Chamomilla


James Tyler Kent describes the symptoms of the homeopathic medicine Chamomilla in great detail and compares it with other homeopathy remedies. …


The general constitutional state of Chamomilla is great sensitiveness; sensitive to every impression; sensitive to surroundings; sensitive to persons; and, above all, sensitive to pain.

The constitutional irritability is so great that a little pain brings forth manifestations as if the patient were in very, great suffering. It naturally belongs to the woman’s nervous system, when she is wrought up and extremely sensitive and in pain.
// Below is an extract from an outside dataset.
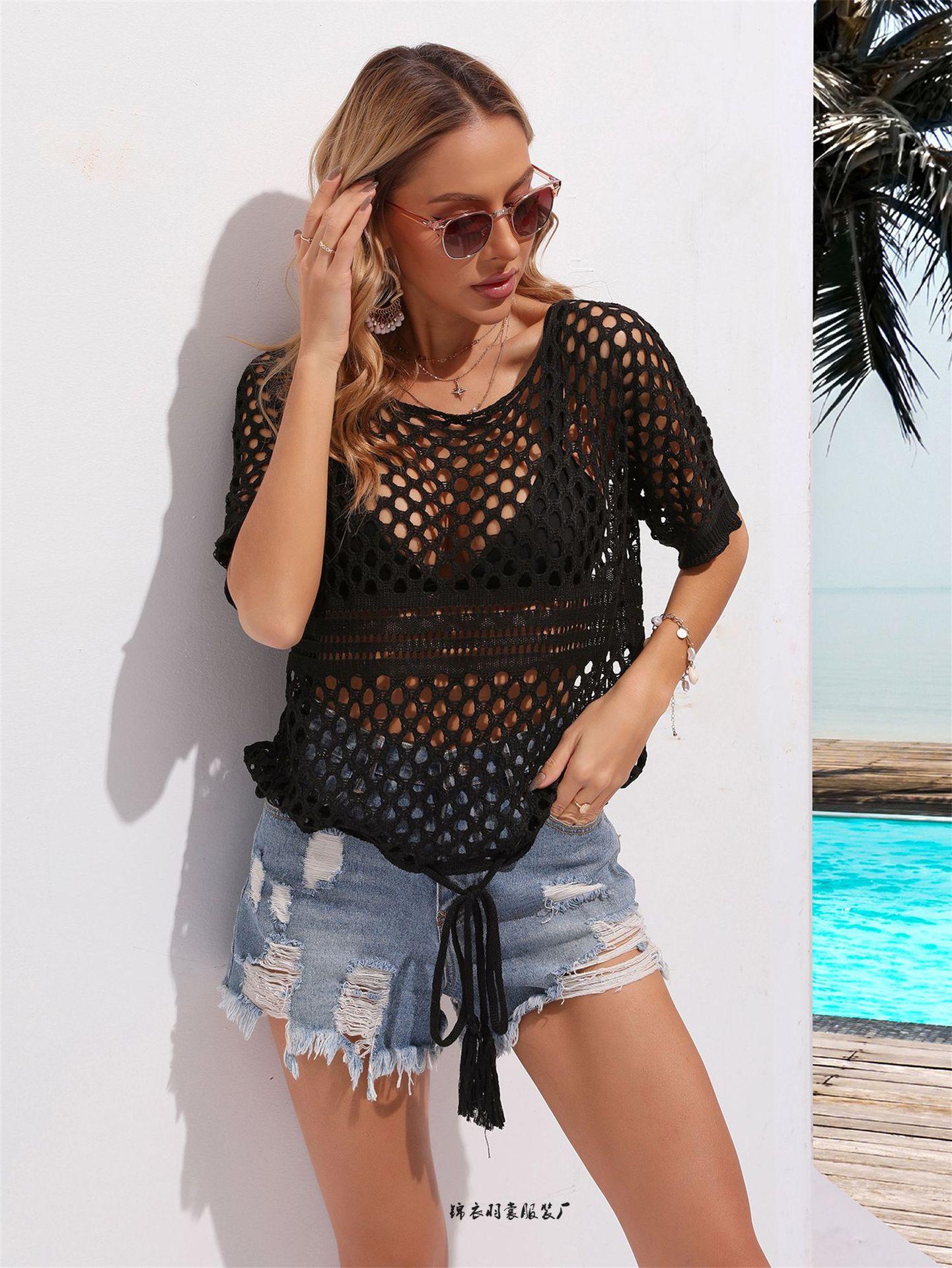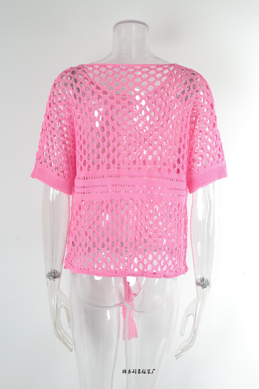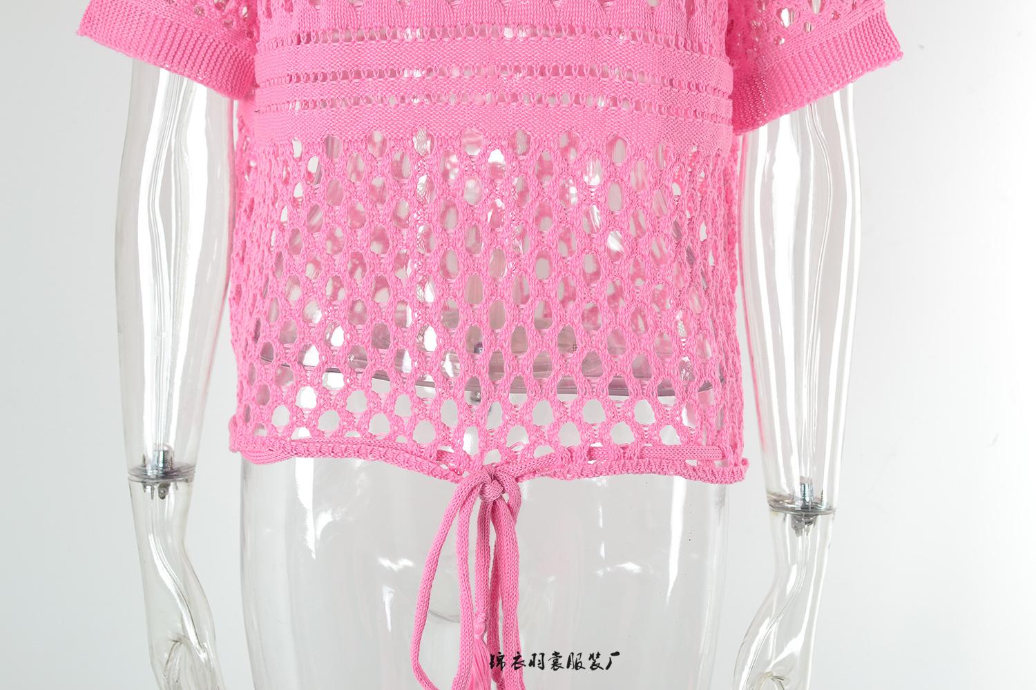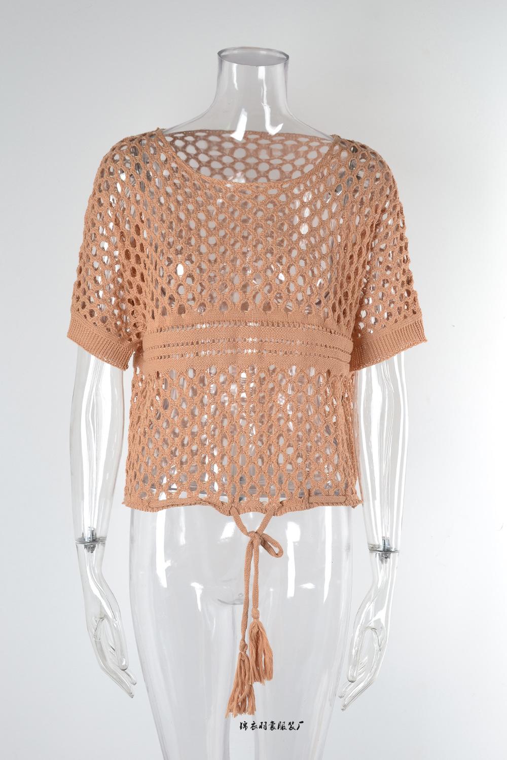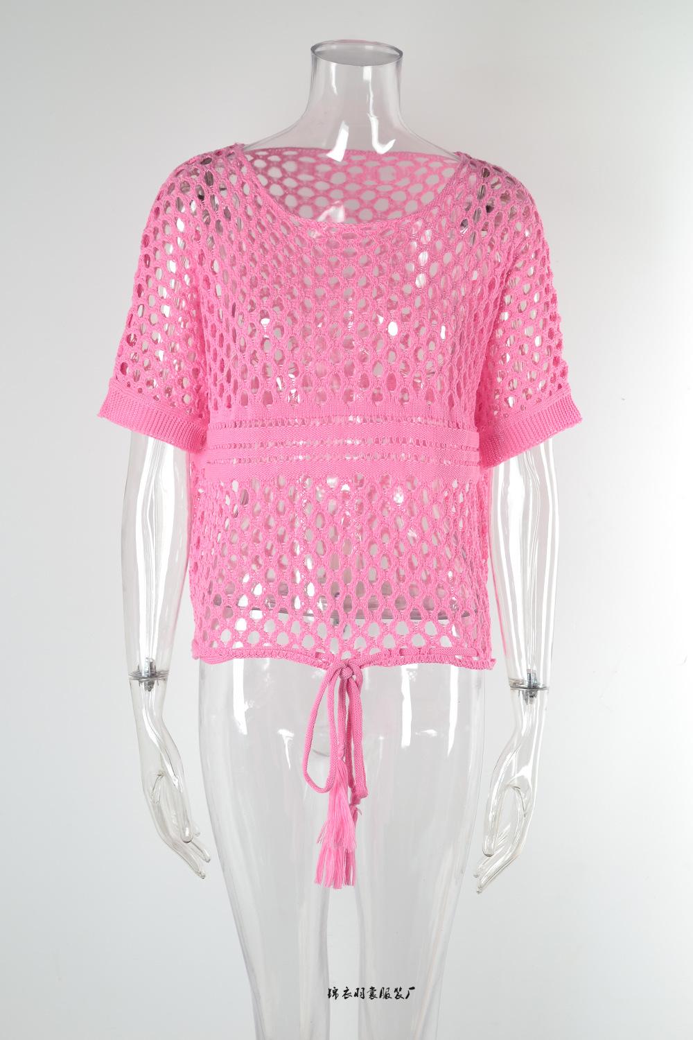 2023 Verano nuevo Amazon nuevo bikini hueco con costuras de arcoíris falda de playa blusa tejida
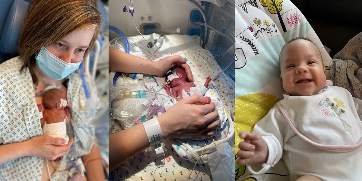 The child was born on the 4th of March 2022 after her mother, Lauren Ormston, 27, went into premature labour at just 23 weeks at St Peter’s Hospital, Surrey, UK.

Mind: The mental state goes along with this. Sensitiveness of the mind. Great irritability. These two run through Chamomilla so closely that they are inseparable. Sensitiveness to pain. Easily affected by mortification, by chagrin, so that the nerves become extremely sensitive from these causes, and pains, convulsions, colic, headaches and other kinds of nervous symptoms set in.

The nervous child when punished will go into convulsions. The oversensitive nervous woman will suffer from chagrin. Jerking and twitching of muscles from mortification and excitement. Excessive sensibility of the nerves, so excessive that only a few remedies equal it, such as Coffea, Nux vomica and Opium.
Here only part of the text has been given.